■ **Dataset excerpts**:
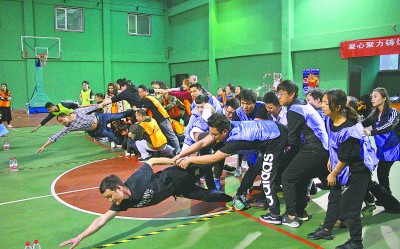 为培养员工团结协作精神,近日,中铁十六局物贸公司开展了为期两天的户外拓展训练。图为参加拓展训练的员工合力完成“取水”任务。 于方舟 摄
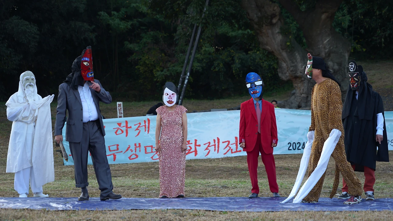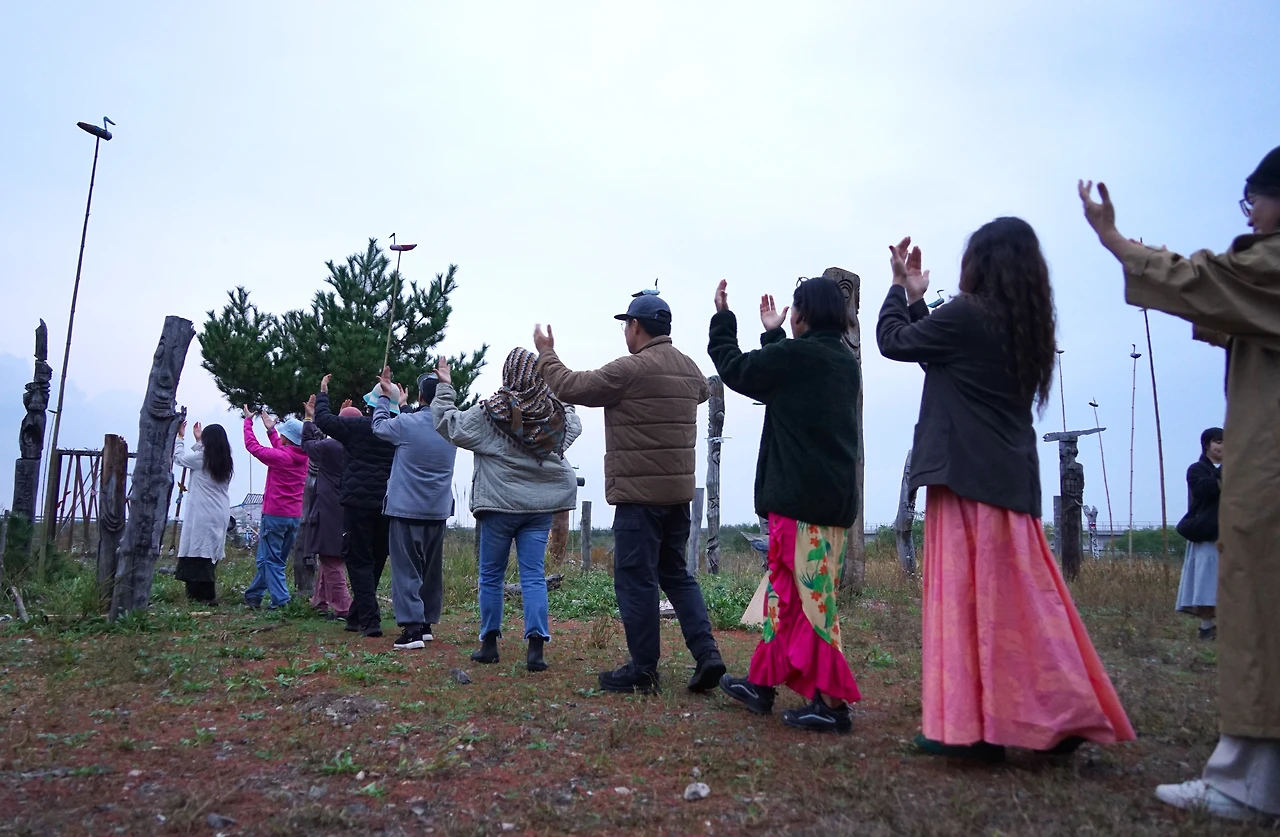 마지막으로 모두가 넬켄라인 댄스‘서식지를 위한 춤’을 추며 장승 사이를 돌고 돌았다. 들판에 작은 씨앗이 떨어져 키 큰 들판에서 햇빛 받고 자라서 낙엽이 되어 떨어지고 꽁꽁 어는 사계절의 춤. 기후위기로 사계절이 두 계절로 바뀌어 가고 있는 21세기의 북반구 한반도 서해안에서 느린 음악에 맞춘 생명 기원의 춤이 땅으로 변한 갯벌 위에서 일몰과 함께 펼쳐지며 둘째 날 살살 페스티발을 마쳤다.
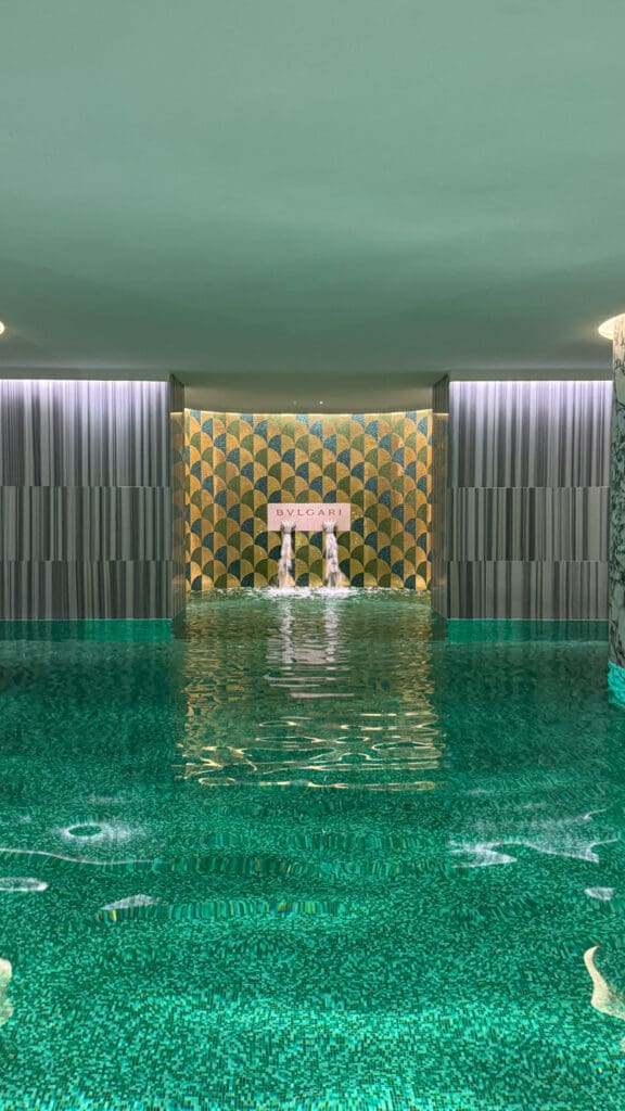 The Bvlgari Spa is inspired by ancient Roman baths, with marble, mosaic, gold, and soft light everywhere.
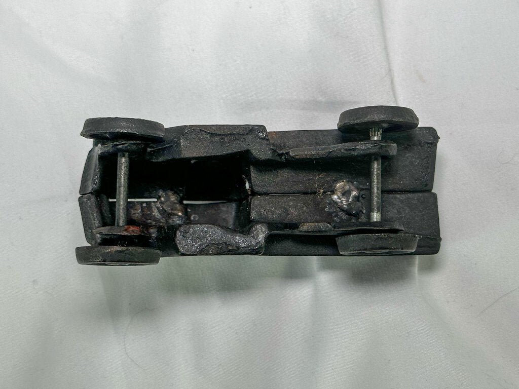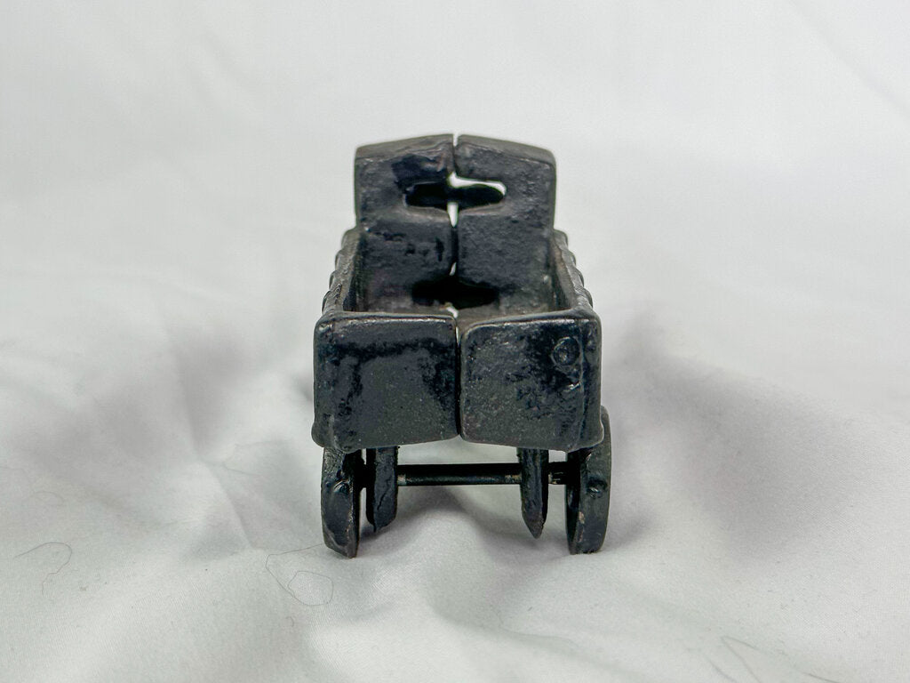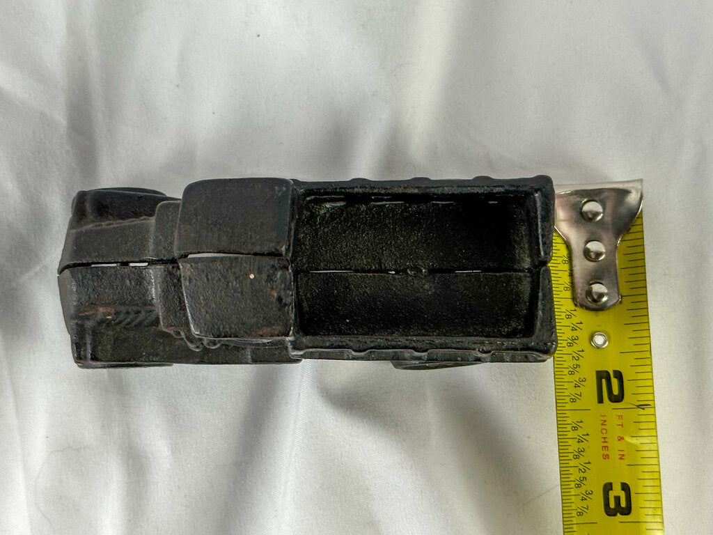 Measures approx. 4.5 inches long, 2 inches wide, and 2.5 inches tall. Couple of discolored/rusted spots.
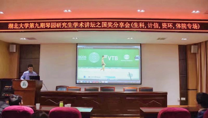 2018年11月24日19:00-21:00,2138cc太阳集团第九期琴园研究生学术讲坛之2018国奖分享会在生科院学术报告厅举行。此次国奖分享的优秀研究生代表们分别来自2138cn太阳集团城侯光定、生科院蒋心怡、计工学院余明亮和刘彤、资环学院的李乐娜。体院国奖研究生代表侯光定作“文明其精神,野蛮其体魄”的主题分享。主要从专业技能与理论学习、论文与学术会议投稿、生活习惯与志愿活动等三个部分进行分享。
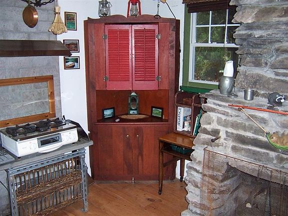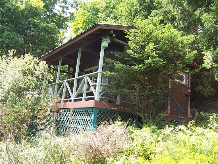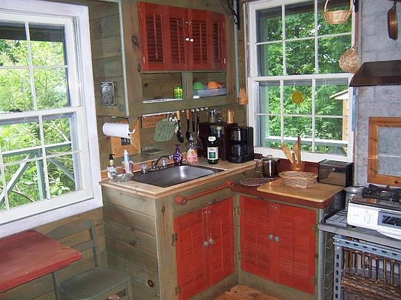 Cozy and Carefree: This unique cabin was built and maintained with great care and offers all the amenities you need in a brilliant, intimate package for the perfect escape weekend. One room with stone fireplace, bunk beds, galley kitchen, wide plank floors, accent lighting , lots of storage. A very private shower room!! Covered porch with beautiful views to sit and marvel at the peace and quiet. Or, cool off in the stream on the property.
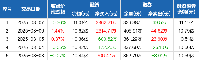 沪深300ETF:融资净买入3862.21万元,融资余额11.01亿元(03-07)
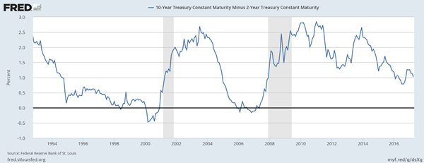 The weakness is also reflected in our market based-indicators. The yield curve flattened by 7 basis points since my last update and now 32 basis points since peak Trump euphoria steepness in mid-December. The 10/2 curve is still steeper than it was last August but all the steepening since the election has been reversed.
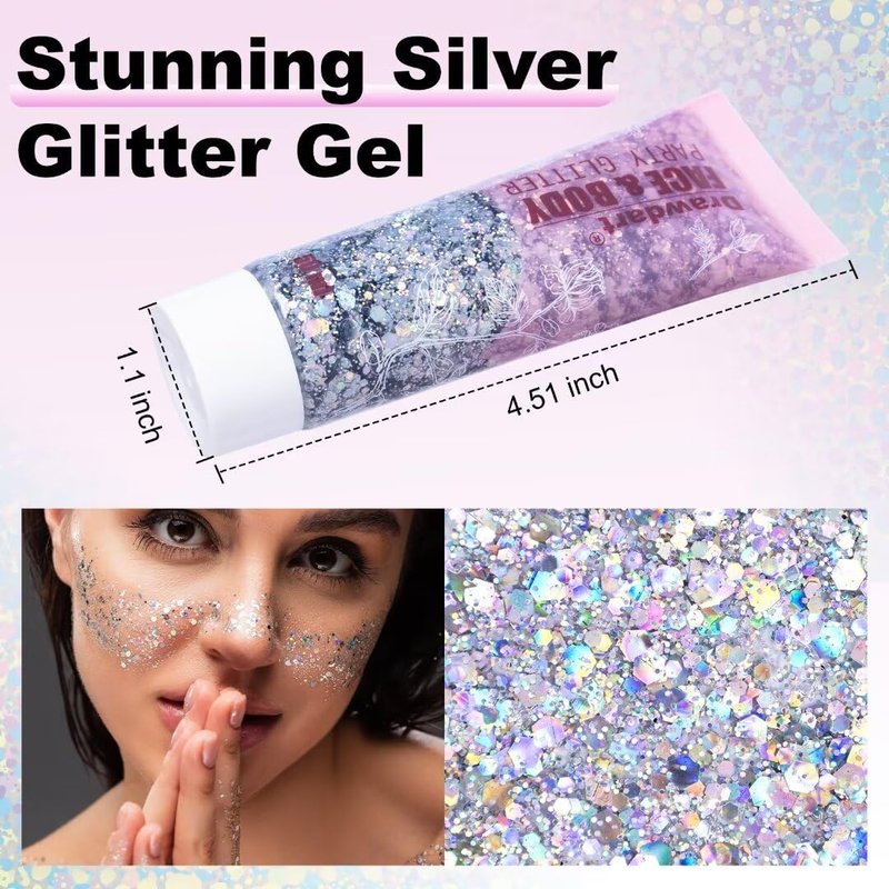 - 【Laser Body Glitter Gel】:Silver body glitter is made of holographic glitter,which is light and durable.The color and luster of the laser sequins vary with the angle of view.This shimmer takes hair and make-up to another level,making your makeup more attractive and eye-catching.
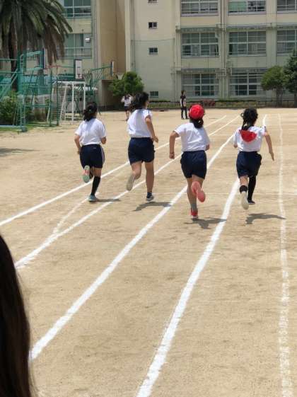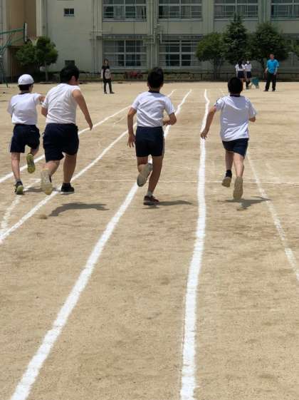 今までに40m走をし、その後50m走をしました。加速することが大事だと、練習を重ねて、今日タイムをはかりました。スタートからゴールまで、帽子がふきとぶほど全力で走り切った子どもたちは、満足そうでした。
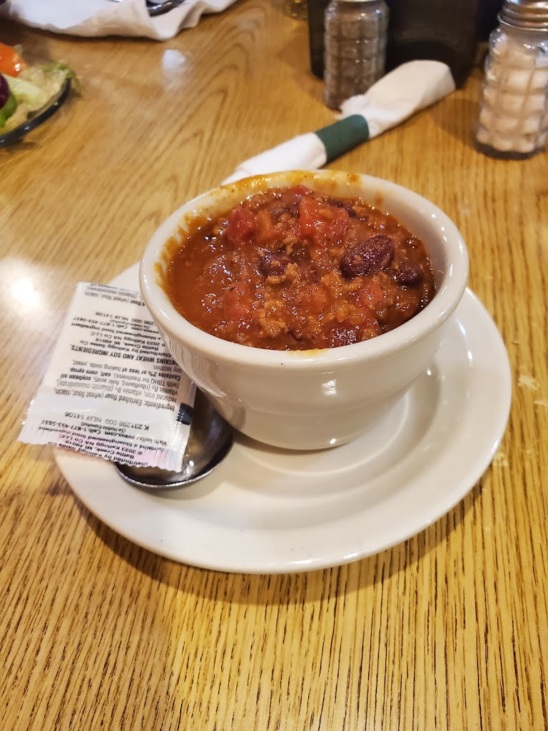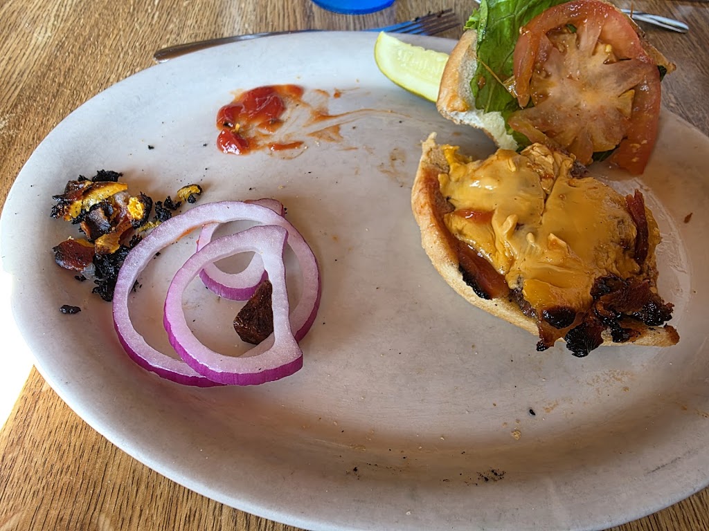 My food burger was terrible. The burger, bacon, and cheese were scorched all around the outside. I broke off a bunch of the black and tried eating it but it was too burnt for me. The cook should never have sent it out to be served to a customer. It was disgusting and I couldn't get the taste out of my mouth. I like burnt brats and hot dogs, but not scorched like this burger was. My husband's burger was good, the fries were good, and the chicken dumpling soup my husband had was good too. It was just my burger that was bad. Loved our waitress. She apologized and didn't charge me for my meal.

■ **Exercise directions**:
When copying from the data above, print only the lines from the line containing "Cozy and Carefree: This" to the line containing "今までに40m走をし、その後", exactly, and leave the pictures out.

■ **Solution to this task**:
 Cozy and Carefree: This unique cabin was built and maintained with great care and offers all the amenities you need in a brilliant, intimate package for the perfect escape weekend. One room with stone fireplace, bunk beds, galley kitchen, wide plank floors, accent lighting , lots of storage. A very private shower room!! Covered porch with beautiful views to sit and marvel at the peace and quiet. Or, cool off in the stream on the property.
 沪深300ETF:融资净买入3862.21万元,融资余额11.01亿元(03-07)
 The weakness is also reflected in our market based-indicators. The yield curve flattened by 7 basis points since my last update and now 32 basis points since peak Trump euphoria steepness in mid-December. The 10/2 curve is still steeper than it was last August but all the steepening since the election has been reversed.
 - 【Laser Body Glitter Gel】:Silver body glitter is made of holographic glitter,which is light and durable.The color and luster of the laser sequins vary with the angle of view.This shimmer takes hair and make-up to another level,making your makeup more attractive and eye-catching.
 今までに40m走をし、その後50m走をしました。加速することが大事だと、練習を重ねて、今日タイムをはかりました。スタートからゴールまで、帽子がふきとぶほど全力で走り切った子どもたちは、満足そうでした。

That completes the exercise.